*Work task:* Repeat the data exactly as given below, dropping every picture.

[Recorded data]

□ □ □

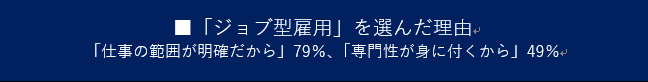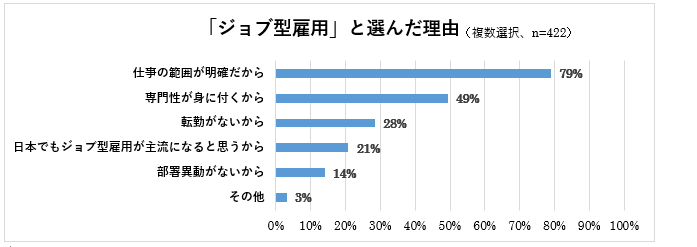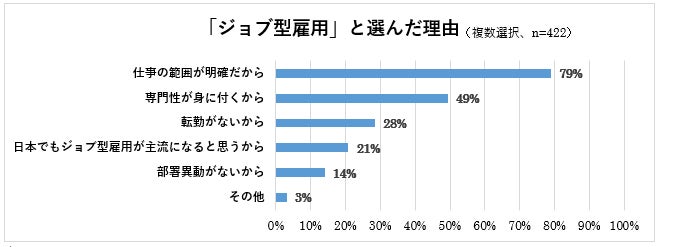 希望する雇用制度で「ジョブ型雇用」と選んだ人にその理由(複数選択)を聞いたところ、「仕事の範囲が明確だから」(79%)、「専門性が身に付くから」(49%)、「転勤がないから」(28%)、「日本でもジョブ型雇用が主流になると思うから」(21%)、「部署異動がないから」(14%)の順でした。「その他」では「強みを生かせる」「無限定型の評価が不明瞭」などの意見がありました。
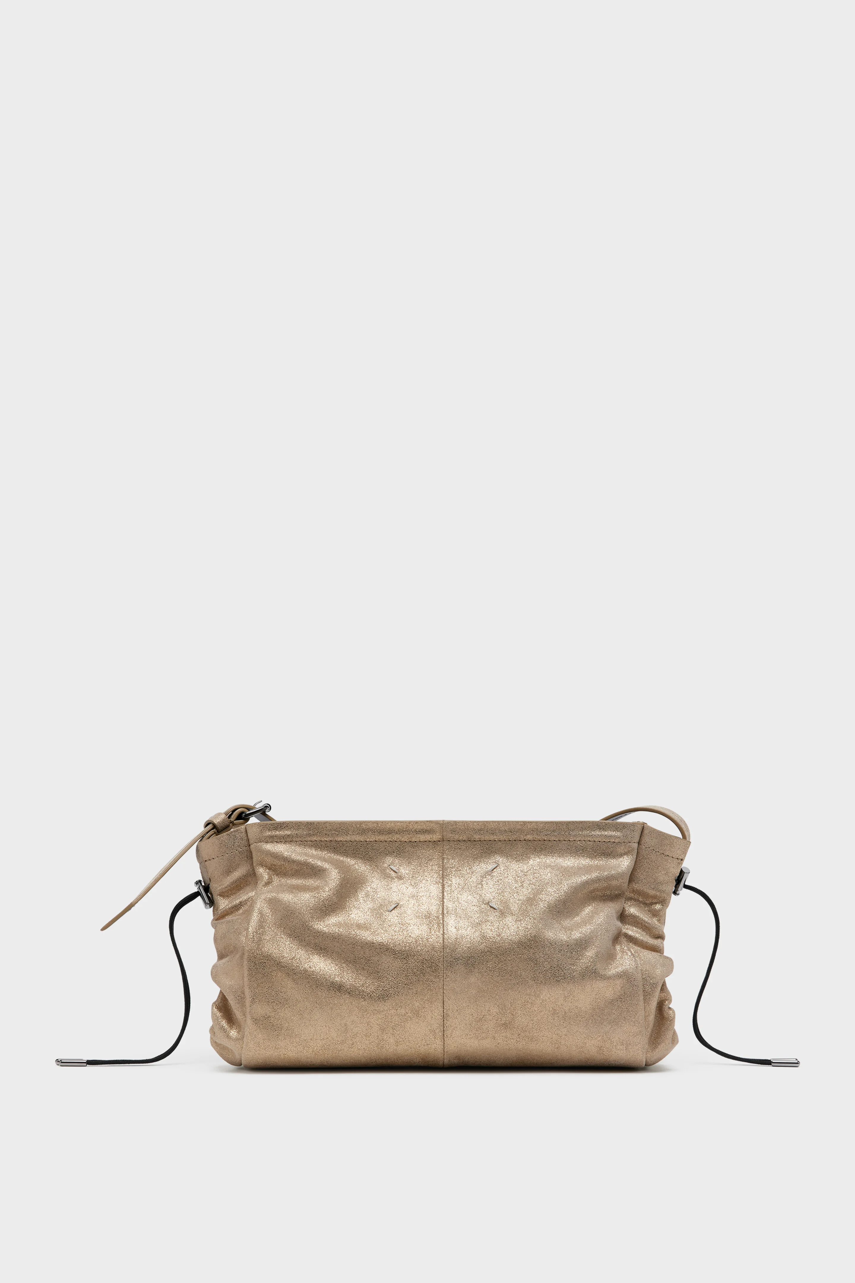 Crafted in soft suede with a metallic laminated foil finish, this horizontal shoulder bag features a zip closure and adjustable drawstring edges for a gathered finish. At the front, the Maison’s signature four stitches appear; the opposite of a label. Product Details Item ID SB1ZH0004P7453HB330 Body: 100% calf leather Contrast: 100% calf leather Inside: 100% calf leather Lining: 50% polyamide-nylon 50% polyurethane Accessories: 100% polyester Hardware: 100% brass Hardware: 100% zama Adjustable shoulder strap Drawstring side details Zip closure at the top Four stitches at the back Inside logo stamping Made in Italy
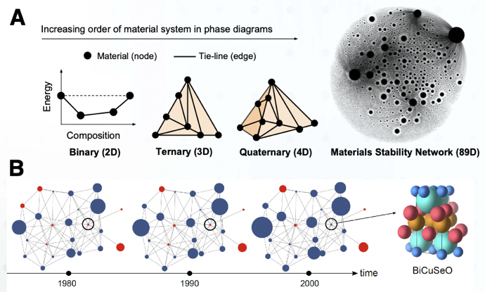 Materials synthesis is a complex process that depends not only on thermodynamic stability, but also on kinetic factors, advances in synthesis techniques, and the availability of precursors. This complexity makes the development of a general theory for predicting synthesizability extremely difficult. In NU-MRSEC IRG-2, a novel approach for predicting synthesizability has emerged from the dynamics of the “materials stability network,” by combining network representations of materials phase diagrams calculated with density functional theory and experimental discovery timelines extracted from citations. The time-evolution of the underlying network allows machine-learning to predict the likelihood that hypothetical, computer-generated materials will be amenable to experimental synthesis.
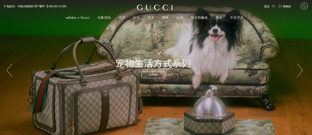 GUCCI对狗狗的诚意不只这些,定制了贵气满满的广告位。把官网的banner让出来,给阿猫阿狗猫做足了排面。不知道的,还以为是GUCCI拿下哪个新晋顶流代言,开始敲锣打鼓奔走相告。
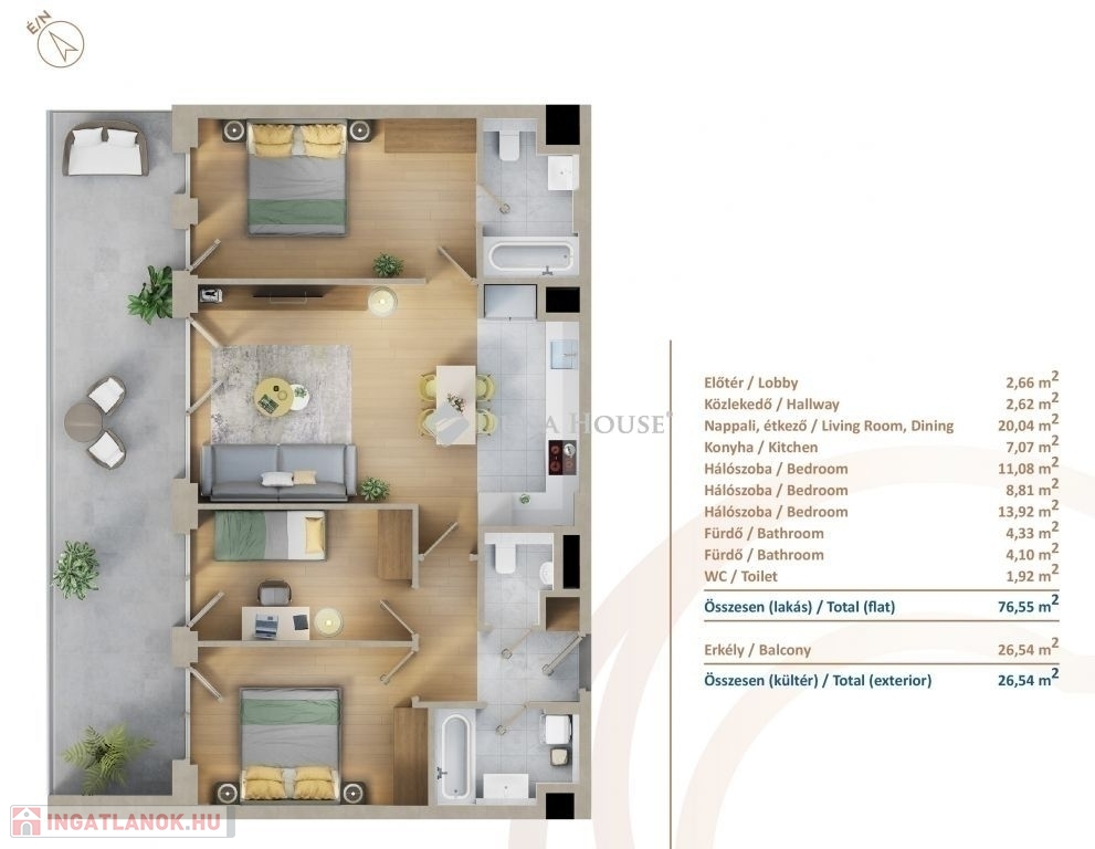 Eladó a 13. kerületben a Marina Parton, egy 77 m2 +27m2-es, 5. emeleti, 4 szobás, Ny-i tájolású, csendes sétányra néző, napfényes lakás.A lakás magas építési minőséggel készült, az energetikailag korszerű mennyezeti-hűtés fűtés kellemes hőérzetet biztosít majd.A lakóparkban kétszintes mélygarázs épült, melyben e-töltővel előkészített parkolóhelyek és tárolók kerültek kialakításra.A társasházban: Recepció szintű portaszolgálat, és csomagpont található.A közösségi életről pedig a közösségi tetőteraszok (jóga + napozó és grillterasz) a játszóterek és a lakók számára használható sporteszközök gondoskodnak.A környék:Képzeld el, hogy a nap végén a lenyűgöző Duna-parton ülve nézed naplementét! A helyszín garantálja, hogy mindennapjaid része lesz a folyó, a sétány és a kikötő.Pár lépésre a Duna part, de számtalan szórakozási és sportolási lehetőséget talál ebben az exkluzív környezetben: Marina sétányon játszóterek, kültéri edzőterem, teniszpálya igényes éttermek, kávézók, élelmiszerbolt, jacht kikötők, kondi termek, medencék, futó pálya.Frekventáltságát tekintve 5 percre a 3-as metró, buszok, kerékpárút szinte a ház előtt, a kikötő kb. 100 méter, így akár autóval, biciklivel, metróval vagy akár hajóval is elérheti a belvárost.Befektetés:A Duna-parti lakások igen kedveltek a befektetők körében, nem ok nélkül. A korlátozottan rendelkezésre álló, Duna menti telkeken épült ingatlanok azon felül, hogy értékállóak minden évben jelentősen növekszik az értékük, illetve gyorsan és egyszerűen bérbe lehet adni, így akár kiemelkedő hozamot biztosítanak tulajdonosaiknak.Ha Ön családjával egy nyugodt, biztonságos, tiszta levegőjű, kényelmes otthont keres, vagy akár egy jó befektetés.
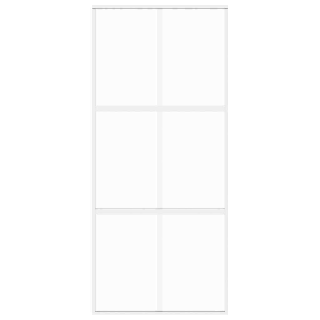 Porta Scorrevole Bianca 90x205 cm Vetro Temperato e Alluminio 155217
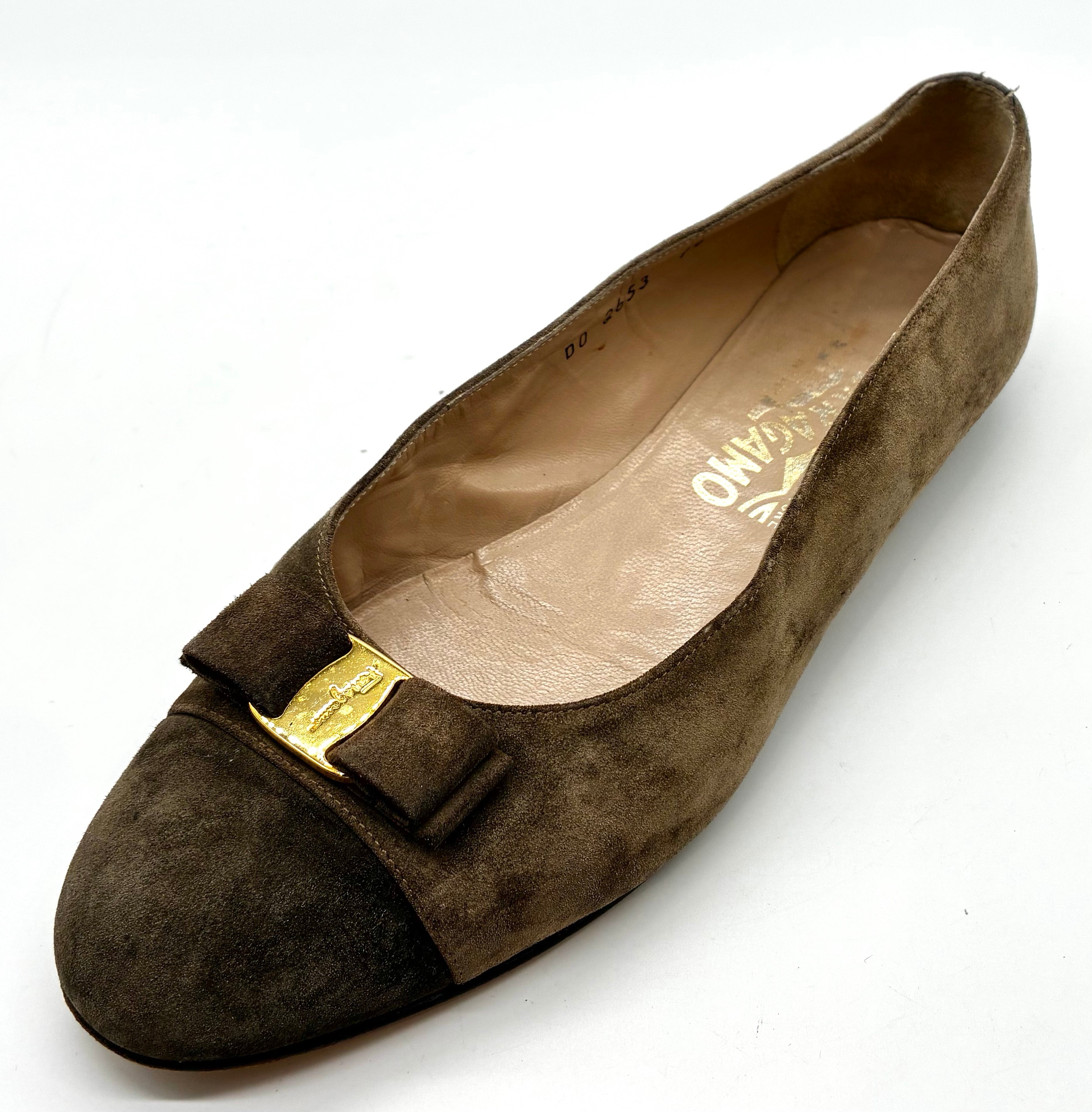 OLD FERRAGAMO(オールドフェラガモ)カーキ×グレージュバイカラースエードヴァラリボンフラットパンプス 8D
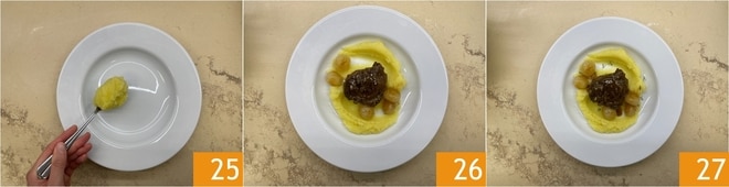 Nun müssen Sie nur noch anrichten: Legen Sie ein paar Esslöffel Püree auf den Boden 25, darauf die Backe und daneben die Borettane-Zwiebeln 26. Beenden Sie mit den frischen Thymianblättern und servieren Sie sofort 27.
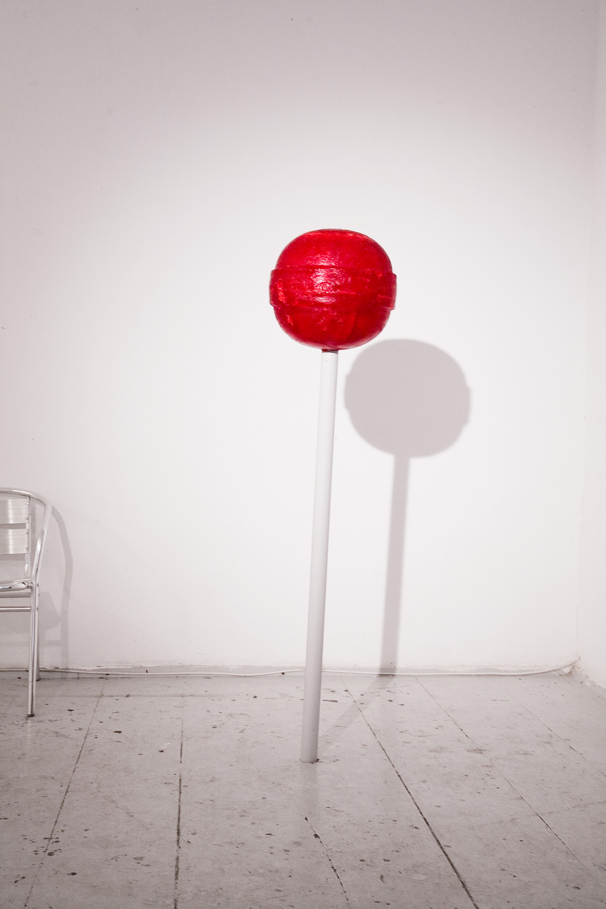 A giant lolly made from real sugar with strawberry aroma, which you could smell already before seeing the work. The smell, an invisible sculpture which slips unseen into your body.

□ □ □

*Solution to this problem:*
 希望する雇用制度で「ジョブ型雇用」と選んだ人にその理由(複数選択)を聞いたところ、「仕事の範囲が明確だから」(79%)、「専門性が身に付くから」(49%)、「転勤がないから」(28%)、「日本でもジョブ型雇用が主流になると思うから」(21%)、「部署異動がないから」(14%)の順でした。「その他」では「強みを生かせる」「無限定型の評価が不明瞭」などの意見がありました。
 Crafted in soft suede with a metallic laminated foil finish, this horizontal shoulder bag features a zip closure and adjustable drawstring edges for a gathered finish. At the front, the Maison’s signature four stitches appear; the opposite of a label. Product Details Item ID SB1ZH0004P7453HB330 Body: 100% calf leather Contrast: 100% calf leather Inside: 100% calf leather Lining: 50% polyamide-nylon 50% polyurethane Accessories: 100% polyester Hardware: 100% brass Hardware: 100% zama Adjustable shoulder strap Drawstring side details Zip closure at the top Four stitches at the back Inside logo stamping Made in Italy
 Materials synthesis is a complex process that depends not only on thermodynamic stability, but also on kinetic factors, advances in synthesis techniques, and the availability of precursors. This complexity makes the development of a general theory for predicting synthesizability extremely difficult. In NU-MRSEC IRG-2, a novel approach for predicting synthesizability has emerged from the dynamics of the “materials stability network,” by combining network representations of materials phase diagrams calculated with density functional theory and experimental discovery timelines extracted from citations. The time-evolution of the underlying network allows machine-learning to predict the likelihood that hypothetical, computer-generated materials will be amenable to experimental synthesis.
 GUCCI对狗狗的诚意不只这些,定制了贵气满满的广告位。把官网的banner让出来,给阿猫阿狗猫做足了排面。不知道的,还以为是GUCCI拿下哪个新晋顶流代言,开始敲锣打鼓奔走相告。
 Eladó a 13. kerületben a Marina Parton, egy 77 m2 +27m2-es, 5. emeleti, 4 szobás, Ny-i tájolású, csendes sétányra néző, napfényes lakás.A lakás magas építési minőséggel készült, az energetikailag korszerű mennyezeti-hűtés fűtés kellemes hőérzetet biztosít majd.A lakóparkban kétszintes mélygarázs épült, melyben e-töltővel előkészített parkolóhelyek és tárolók kerültek kialakításra.A társasházban: Recepció szintű portaszolgálat, és csomagpont található.A közösségi életről pedig a közösségi tetőteraszok (jóga + napozó és grillterasz) a játszóterek és a lakók számára használható sporteszközök gondoskodnak.A környék:Képzeld el, hogy a nap végén a lenyűgöző Duna-parton ülve nézed naplementét! A helyszín garantálja, hogy mindennapjaid része lesz a folyó, a sétány és a kikötő.Pár lépésre a Duna part, de számtalan szórakozási és sportolási lehetőséget talál ebben az exkluzív környezetben: Marina sétányon játszóterek, kültéri edzőterem, teniszpálya igényes éttermek, kávézók, élelmiszerbolt, jacht kikötők, kondi termek, medencék, futó pálya.Frekventáltságát tekintve 5 percre a 3-as metró, buszok, kerékpárút szinte a ház előtt, a kikötő kb. 100 méter, így akár autóval, biciklivel, metróval vagy akár hajóval is elérheti a belvárost.Befektetés:A Duna-parti lakások igen kedveltek a befektetők körében, nem ok nélkül. A korlátozottan rendelkezésre álló, Duna menti telkeken épült ingatlanok azon felül, hogy értékállóak minden évben jelentősen növekszik az értékük, illetve gyorsan és egyszerűen bérbe lehet adni, így akár kiemelkedő hozamot biztosítanak tulajdonosaiknak.Ha Ön családjával egy nyugodt, biztonságos, tiszta levegőjű, kényelmes otthont keres, vagy akár egy jó befektetés.
 Porta Scorrevole Bianca 90x205 cm Vetro Temperato e Alluminio 155217
 OLD FERRAGAMO(オールドフェラガモ)カーキ×グレージュバイカラースエードヴァラリボンフラットパンプス 8D
 Nun müssen Sie nur noch anrichten: Legen Sie ein paar Esslöffel Püree auf den Boden 25, darauf die Backe und daneben die Borettane-Zwiebeln 26. Beenden Sie mit den frischen Thymianblättern und servieren Sie sofort 27.
 A giant lolly made from real sugar with strawberry aroma, which you could smell already before seeing the work. The smell, an invisible sculpture which slips unseen into your body.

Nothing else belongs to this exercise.